GAIL shares in recent trading at a 38% discount to its long-term price-to-earnings average, could give a better outcome in 2020 if it gets relief from Rs 1.7 lakh crore of payment related to adjusted gross revenue (AGR) demanded by the department of telecommunications (DoT), analysts said.
The state-run natural gas marketer would be the largest beneficiary of the rising domestic gas and LNG production in the country, they said. But the stock has reduced 17% the past one year, mainly due to concerns over possible restructuring of business segments, lower-than-expected results and the recent AGR-related demand.

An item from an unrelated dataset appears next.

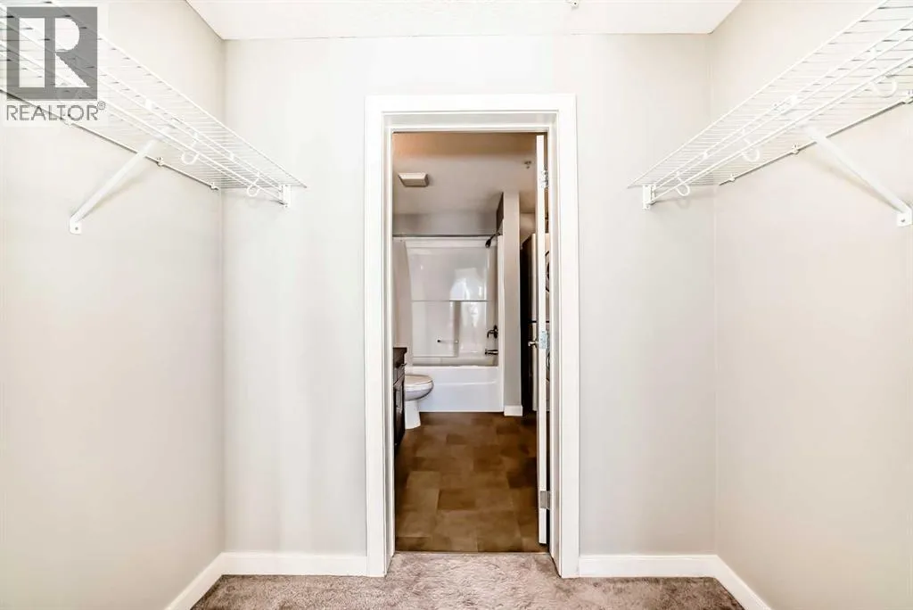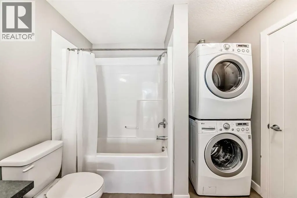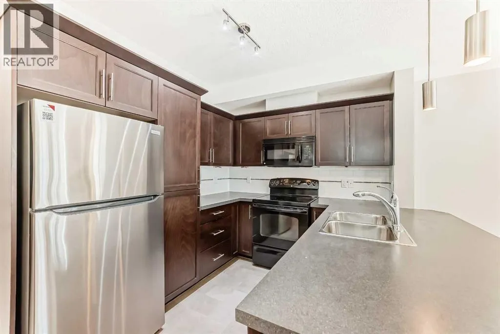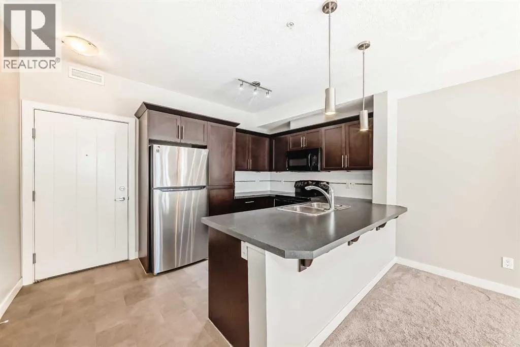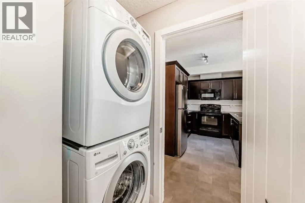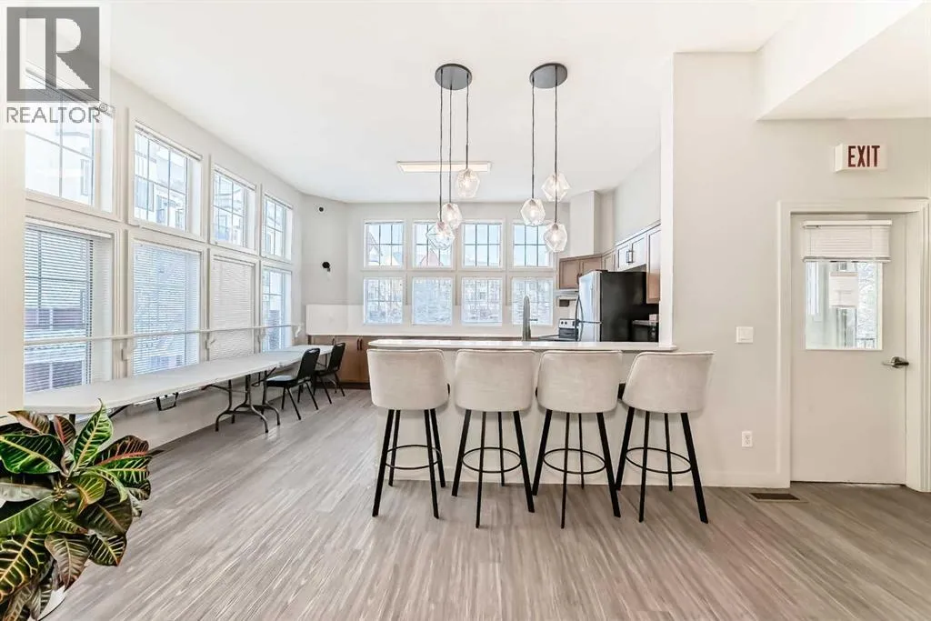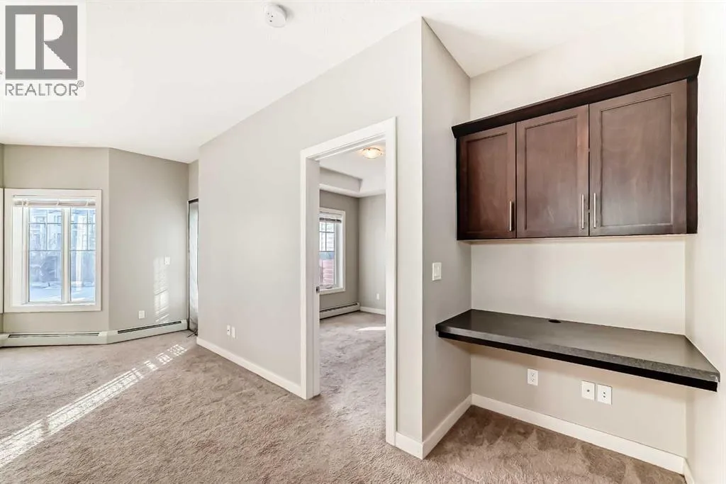 Located in the sought-after Red Haus complex in Royal Oak, this well-appointed one-bedroom condo offers comfortable, low-maintenance living in a highly convenient NW Calgary location. With easy access to shopping, dining, schools, the Rocky Ridge YMCA, C-Train service, and major roadways including Stoney Trail, everything you need is close at hand. Set on the second level, this open-concept home overlooks the attractively landscaped inner courtyard and features a private balcony with a natural gas hookup, perfect for outdoor cooking or relaxing. The kitchen is thoughtfully designed with stainless steel appliances (brand new fridge), generous cabinet and counter space, and a breakfast bar that connects effortlessly to the living area, creating a welcoming space for both everyday living and entertaining. A built-in desk area adds functionality and works perfectly as a home office or study nook. The bedroom is spacious and includes a walk-through closet that leads directly to the four-piece bathroom, where the in-suite washer and dryer are conveniently located. The unit also comes complete with titled underground parking, a titled storage locker, bike storage, and ample visitor parking. Residents enjoy access to shared amenities housed in the central clubhouse, including a fitness centre, a multi-purpose meeting room with kitchen facilities, and an outdoor patio area. This is a great opportunity to own in a well-run condo complex within one of NW Calgaryâs most desirable communities. (id:27476)

DoT has increased the demand after the Supreme Court expanded the definition of AGR, based on which telecom licence holders need to pay their licence fee to the government. The AGR now includes revenue from businesses unrelated to telecom as well, and that is a concern for non-telecom companies such as GAIL and Power Grid Corp that hold the licences.
“We believe that GAIL would be a key beneficiary of the increasing domestic gas and LNG production in the country,” said Siddhartha Khemka, the head of research at Motilal Oswal Financial Services. “Tightening norms on industrial pollution should also help the transmission segment in the longer run.”
Analysts expect an Ebidta CAGR of 14 per cent over FY2020-22, with FY22 EV/Ebitda of 5.4x. The transmission segment should remain a major contributor to Ebidta, with volumes growing to 135 million standard cubic meters per day in FY2022.